Here is a copy of George Washington Carver 1920 Phi Beta Sigma Fraternity Certificate. Originally initiated in 1918, George Washington Carver was a charter member of the Tuskegee Institute Alumni Chapter made up of Tuskegee Faculty members.
He began his formal education at the age of twelve, which required him to leave the home of his adopted parents. Schools segregated by race at that time with no school available for black students near Carver’s home. He moved to Newton County in southwest Missouri, where he worked as a farm hand and studied in a one-room schoolhouse. He went on to attend Minneapolis High School in Kansas. College entrance was a struggle, again because of racial barriers. At the age of thirty, Carver gained acceptance to Simpson College in Indianola, Iowa, where he was the first black student. Carver had to study piano and art and the college did not offer science classes. Intent on a science career, he later transferred to Iowa Agricultural College (now Iowa State University) in 1891, where he gained a Bachelor of Science degree in 1894 and a Master of Science degree in bacterial botany and agriculture in 1897. Carver became a member of the faculty of the Iowa State College of Agriculture and Mechanics (the first black faculty member for Iowa College), teaching classes about soil conservation and chemurgy.

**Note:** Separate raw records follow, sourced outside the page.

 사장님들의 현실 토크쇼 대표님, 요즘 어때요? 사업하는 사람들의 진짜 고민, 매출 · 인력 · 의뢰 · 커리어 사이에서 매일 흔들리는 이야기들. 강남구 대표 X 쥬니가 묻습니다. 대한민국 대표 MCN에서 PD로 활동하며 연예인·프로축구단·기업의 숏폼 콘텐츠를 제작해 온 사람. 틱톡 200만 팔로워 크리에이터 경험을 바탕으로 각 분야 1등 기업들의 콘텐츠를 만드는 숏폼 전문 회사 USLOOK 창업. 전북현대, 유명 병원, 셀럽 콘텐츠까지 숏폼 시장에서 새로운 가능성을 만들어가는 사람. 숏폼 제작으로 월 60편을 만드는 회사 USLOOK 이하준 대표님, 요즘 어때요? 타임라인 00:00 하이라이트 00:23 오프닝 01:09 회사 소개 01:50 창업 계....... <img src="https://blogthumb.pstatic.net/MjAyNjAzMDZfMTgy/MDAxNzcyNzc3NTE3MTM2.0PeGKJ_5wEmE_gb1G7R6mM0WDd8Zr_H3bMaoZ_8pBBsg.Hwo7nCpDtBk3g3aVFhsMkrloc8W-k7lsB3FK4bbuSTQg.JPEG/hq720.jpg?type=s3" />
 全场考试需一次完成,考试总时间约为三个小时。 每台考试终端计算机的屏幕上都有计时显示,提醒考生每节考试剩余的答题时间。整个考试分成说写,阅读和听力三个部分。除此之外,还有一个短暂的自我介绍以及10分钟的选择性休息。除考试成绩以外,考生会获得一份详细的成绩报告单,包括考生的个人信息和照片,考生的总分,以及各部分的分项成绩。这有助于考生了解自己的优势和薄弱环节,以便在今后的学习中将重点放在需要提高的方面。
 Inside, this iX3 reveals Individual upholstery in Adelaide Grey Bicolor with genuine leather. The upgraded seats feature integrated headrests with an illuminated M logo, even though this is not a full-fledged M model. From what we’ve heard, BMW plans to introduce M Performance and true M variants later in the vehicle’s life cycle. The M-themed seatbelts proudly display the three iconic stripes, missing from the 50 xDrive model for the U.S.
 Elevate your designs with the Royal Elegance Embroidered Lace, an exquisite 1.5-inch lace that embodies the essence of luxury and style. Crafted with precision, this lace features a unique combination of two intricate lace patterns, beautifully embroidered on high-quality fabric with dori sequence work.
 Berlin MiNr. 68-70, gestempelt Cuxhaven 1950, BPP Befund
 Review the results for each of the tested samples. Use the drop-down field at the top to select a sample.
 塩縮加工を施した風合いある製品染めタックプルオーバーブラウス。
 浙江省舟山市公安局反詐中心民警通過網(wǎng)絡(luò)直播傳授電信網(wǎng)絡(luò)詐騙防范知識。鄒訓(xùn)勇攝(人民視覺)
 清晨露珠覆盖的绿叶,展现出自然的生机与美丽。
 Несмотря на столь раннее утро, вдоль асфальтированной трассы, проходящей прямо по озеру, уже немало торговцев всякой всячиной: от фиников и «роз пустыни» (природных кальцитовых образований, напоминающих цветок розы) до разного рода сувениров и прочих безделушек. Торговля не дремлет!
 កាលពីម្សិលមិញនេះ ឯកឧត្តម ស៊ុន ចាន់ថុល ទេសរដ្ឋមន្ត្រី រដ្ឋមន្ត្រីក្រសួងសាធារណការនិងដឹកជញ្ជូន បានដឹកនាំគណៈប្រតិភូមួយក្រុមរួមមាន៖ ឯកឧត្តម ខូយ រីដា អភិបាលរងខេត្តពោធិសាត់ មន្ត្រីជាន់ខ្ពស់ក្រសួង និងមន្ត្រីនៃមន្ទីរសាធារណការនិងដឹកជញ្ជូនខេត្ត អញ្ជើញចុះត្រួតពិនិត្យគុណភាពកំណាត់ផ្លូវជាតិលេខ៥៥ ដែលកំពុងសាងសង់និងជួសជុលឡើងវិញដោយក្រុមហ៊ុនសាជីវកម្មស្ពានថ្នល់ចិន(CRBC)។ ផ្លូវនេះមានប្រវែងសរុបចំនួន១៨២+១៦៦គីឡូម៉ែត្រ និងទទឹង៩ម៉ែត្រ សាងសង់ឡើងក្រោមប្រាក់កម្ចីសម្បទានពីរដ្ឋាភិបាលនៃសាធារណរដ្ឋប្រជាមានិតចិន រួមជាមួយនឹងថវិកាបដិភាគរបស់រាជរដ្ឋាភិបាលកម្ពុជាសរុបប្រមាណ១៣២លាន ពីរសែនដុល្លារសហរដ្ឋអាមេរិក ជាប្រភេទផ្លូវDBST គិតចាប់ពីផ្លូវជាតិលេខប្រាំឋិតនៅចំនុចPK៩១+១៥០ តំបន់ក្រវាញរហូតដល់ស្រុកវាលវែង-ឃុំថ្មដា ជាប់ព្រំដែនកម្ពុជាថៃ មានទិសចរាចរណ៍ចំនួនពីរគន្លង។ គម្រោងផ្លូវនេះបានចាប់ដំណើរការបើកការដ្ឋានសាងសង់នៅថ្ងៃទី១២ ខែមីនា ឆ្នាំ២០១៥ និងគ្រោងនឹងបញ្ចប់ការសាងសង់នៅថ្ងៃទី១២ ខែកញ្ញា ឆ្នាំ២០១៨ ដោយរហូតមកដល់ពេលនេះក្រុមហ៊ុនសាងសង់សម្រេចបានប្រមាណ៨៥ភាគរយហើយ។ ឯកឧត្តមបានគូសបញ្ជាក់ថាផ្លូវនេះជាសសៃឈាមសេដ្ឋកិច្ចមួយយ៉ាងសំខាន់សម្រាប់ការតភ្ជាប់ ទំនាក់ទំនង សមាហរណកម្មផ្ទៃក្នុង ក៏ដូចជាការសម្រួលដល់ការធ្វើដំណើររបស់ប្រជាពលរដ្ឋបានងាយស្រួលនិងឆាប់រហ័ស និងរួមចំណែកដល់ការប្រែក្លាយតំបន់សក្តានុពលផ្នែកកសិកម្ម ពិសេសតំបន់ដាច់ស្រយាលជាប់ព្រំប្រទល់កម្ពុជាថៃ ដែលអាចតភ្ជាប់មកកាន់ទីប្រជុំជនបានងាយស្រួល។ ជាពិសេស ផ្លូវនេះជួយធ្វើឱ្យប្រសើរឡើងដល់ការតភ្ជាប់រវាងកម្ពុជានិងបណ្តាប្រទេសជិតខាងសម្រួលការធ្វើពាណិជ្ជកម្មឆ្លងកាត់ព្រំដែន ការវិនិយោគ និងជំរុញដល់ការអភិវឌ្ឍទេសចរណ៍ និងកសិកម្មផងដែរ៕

As an agricultural chemist, Carver discovered three hundred uses for peanuts and hundreds more uses for soybeans, pecans and sweet potatoes. Among the listed items that he suggested to southern farmers to help them economically were his recipes and improvements to/for: adhesives, axle grease, bleach, buttermilk, chili sauce, fuel briquettes, ink, instant coffee, linoleum , mayonnaise , meat tenderizer, metal polish, paper, plastic, pavement, shaving cream, shoe polish, synthetic rubber, talcum powder and wood stain.